Round Robin is fully supported, but Path Restore is not currently integrated for VNX LUNs. If an SP path becomes unavailable, due to an SP reboot or NDU for example, the LUN trespasses to the peer SP. The LUN does not trespass back when the SP becomes available again. This is why EMC recommends VMW_PSP_FIXED. If the path is set to Round Robin, monitor the LUN trespass occurrences through Unisphere. EMC also provides scripted tools to integrate vSphere with VNX, and posts them to the Everything VMware page on the EMC Community website. One such PowerShell script provides an automated method to detect and restore the trespassed LUNs.

After confirming that the setup is okay, checking out the logs, I saw the following:

Aug 15 06:07:13 vobd: Aug 15 06:07:13.285: 171974745962us:  Lost connectivity to storage device naa.60060xxx. Path vmhba39:C0:T0:L0 is down. Affected datastores: "VMFS_Volume01"..
Aug 15 06:07:13 vobd: Aug 15 06:07:13.285: 171971079169us: [vob.scsi.scsipath.pathstate.dead] scsiPath vmhba39:C0:T0:L1 changed state from on.
Aug 15 06:07:13 vmkernel: 1:23:46:11.079 cpu23:4257)vmw_psp_fixed_ap: psp_fixed_apSelectPathToActivateInt: Changing active path from vmhba39:C0:T0:L1 to vmhba39:C0:T4:L1 for device "naa.60060xxxx".
Aug 15 06:07:13 vmkernel: 1:23:46:11.079 cpu23:4257)VMW_SATP_ALUA: satp_alua_activatePaths: Activation disallowed due to follow-over.
Aug 15 06:07:13 vobd: Aug 15 06:07:13.286: 171974746430us:  Lost path redundancy to storage device naa.6006xxx. Path vmhba39:C0:T0:L1 is down. Affected datastores: "VMFS_Volume02"..
Aug 15 06:07:13 vmkernel: 1:23:46:11.099 cpu13:882014)WARNING: NMP: nmp_IssueCommandToDevice: I/O could not be issued to device "naa.6006xxx" due to Not found
Aug 15 06:07:13 vmkernel: 1:23:46:11.099 cpu13:882014)WARNING: NMP: nmp_DeviceRetryCommand: Device "naa.60060160xxxxx": awaiting fast path state update for failover with I/O blocked. No prior reservation exists on the device.
Aug 15 06:07:13 vmkernel: 1:23:46:11.099 cpu13:882014)WARNING: NMP: nmp_DeviceStartLoop: NMP Device "naa.6006016xxxx" is blocked. Not starting I/O from device.
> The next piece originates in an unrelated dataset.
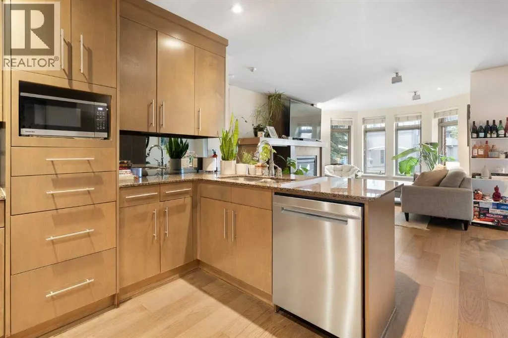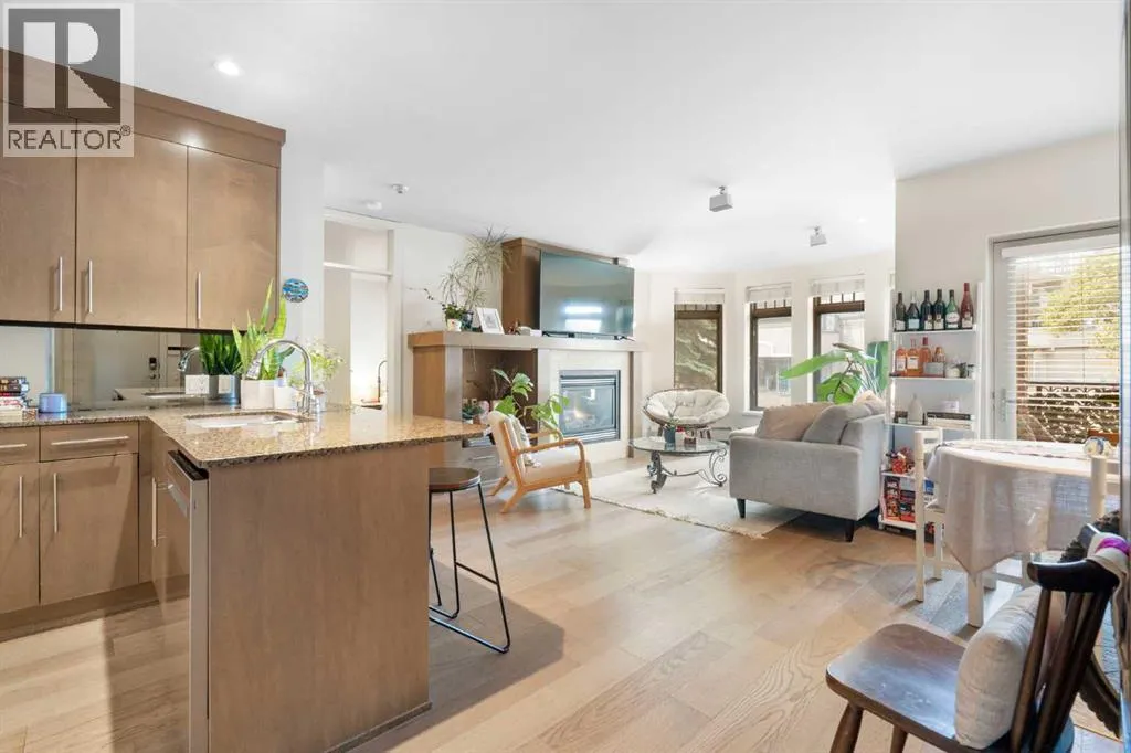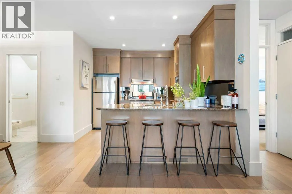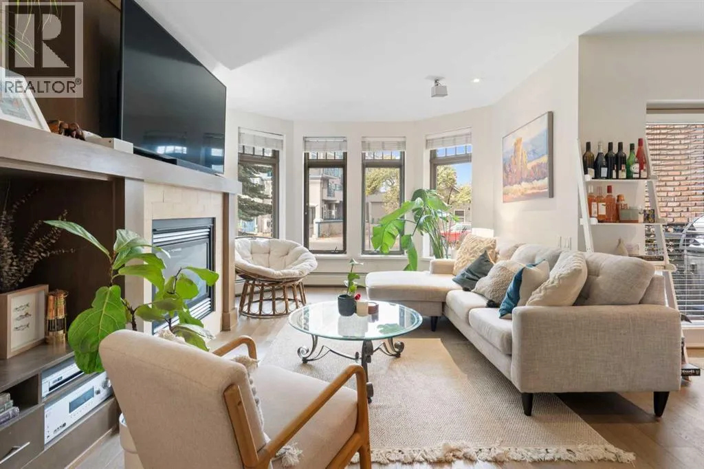 Welcome to this spacious and beautifully appointed 2 bedroom luxury condo in the SAM award-winning âVillagio Kensington,â a boutique 12-unit concrete building perfectly situated in the heart of the vibrant Kensington district. Just steps from the Bow River pathways, Riley Park, Hillhurst/Sunnyside Park, boutique shopping, restaurants, and minutes to downtown, this residence offers the ideal balance of upscale comfort and urban convenience. With 939 sq.ft. of well designed and efficient space, this open-concept end unit showcases stunning contemporary finishes, including engineered hardwood floors, flat-painted 9 ft ceilings, and built-ins galore. The entertainerâs kitchen features custom maple cabinetry, a great sized eating bar, a gas stove and stainless steel appliances, perfect for hosting or everyday living. The spacious living area is centered around a built-in wall unit with gas fireplace creating a warm and inviting atmosphere. The primary bedroom includes a full-wall built-in armoire and a 4 piece ensuite with a soaker tub. The second bedroom provides flexible space for guests, a reading nook, or a home office. A second full bathroom with tiled shower and in-suite laundry adds convenience. Throughout the home, upscale finishes such as solid-core doors, custom built-ins, and flat ceilings highlight the quality craftsmanship that defines Villagio Kensington. This energy-efficient concrete building was the first condo in Alberta constructed using insulated concrete forms (ICF) for the floors, exterior walls, and demising walls, providing exceptional soundproofing, superior insulation, and enhanced energy efficiency. Exterior details include Old Chicago brick and acrylic stucco, metal-clad windows, and a heated driveway with snow sensor. The home includes one secure underground parking stall, located in the heated parkade. Nestled on a quiet cul-de-sac just steps from a playground and all of Kensingtonâs amenities, this residence offers the perfect blend of tran quility and convenience. Experience the best of urban living in one of Calgaryâs most desirable neighbourhoods. Book your private showing today. (id:27476)

Checking out the frequency of the path thrashing and what LUN this kept happening to, I saw the following:

/var/log # grep 'Changing active path from' messages* | awk '{print $12,$14}' | sort | uniq -c | sort -nr | head
24 vmhba39:C0:T4:L1 vmhba39:C0:T0:L1
24 vmhba39:C0:T0:L1 vmhba39:C0:T4:L1
5 vmhba39:C0:T5:L1 vmhba39:C0:T2:L1
5 vmhba39:C0:T4:L9 vmhba39:C0:T0:L9
5 vmhba39:C0:T4:L15 vmhba39:C0:T0:L15
5 vmhba39:C0:T4:L12 vmhba39:C0:T0:L12
5 vmhba39:C0:T4:L10 vmhba39:C0:T0:L10
5 vmhba39:C0:T2:L1 vmhba39:C0:T5:L1
5 vmhba39:C0:T0:L9 vmhba39:C0:T4:L9
5 vmhba39:C0:T0:L15 vmhba39:C0:T4:L15

We saw LUN 1 jump back an forth between both of Targets 24 times but we also saw other LUNs jump back and forth as well. The above messages matched VMware KB 2005369. I asked the customer if we were seeing trespasses and we did, but not as much as we saw of Login and Logout events on the array. Checking the logs to see if we disconnected from the array, I saw the following:

/var/log # egrep 'OFFLINE|ONLINE' messages* | awk '{print $9,$10,$17}' | sort | uniq -c
5 vmhba39:CH:0 T:0 "OFFLINE"
6 vmhba39:CH:0 T:0 "ONLINE"
5 vmhba39:CH:0 T:4 "OFFLINE"
5 vmhba39:CH:0 T:4 "ONLINE"

Looks like we disconnected from both of the Targets about the same amount of times but we re-connected as well. Looking closer into the devices, I noticed that for some LUNs were using the non-optimized path:

~ # esxcli nmp path list -d naa.60060xxxx
Runtime Name: vmhba39:C0:T4:L12
Device: naa.60060xxxx
Device Display Name: DGC iSCSI Disk (naa.6006xxxx)
Group State: active unoptimized
Array Priority: 1
Storage Array Type Path Config: {TPG_id=2,TPG_state=ANO,RTP_id=12,RTP_health=UP}
Path Selection Policy Path Config: {current: no; preferred: yes}

Runtime Name: vmhba39:C0:T2:L12
Device: naa.60060xxxx
Device Display Name: DGC iSCSI Disk (naa.60060xxxx)
Group State: active
Array Priority: 0
Storage Array Type Path Config: {TPG_id=1,TPG_state=AO,RTP_id=6,RTP_health=UP}
Path Selection Policy Path Config: {current: yes; preferred: no}

Notice “Path Selection Policy Path Config” setting. If were using the active optimized path we would see ‘{current: yes; preferred: yes}’, but we didn’t see that. From the above VMware KB, here are some reasons why we would use a non-optimized path:

There are two use-cases for using the active non-optimized ALUA paths:

  • When there are no optimized paths available.
  • During SAN boot, the multi-path driver is not loaded yet, and the simple BIOS SAN boot agent uses whatever paths it finds first.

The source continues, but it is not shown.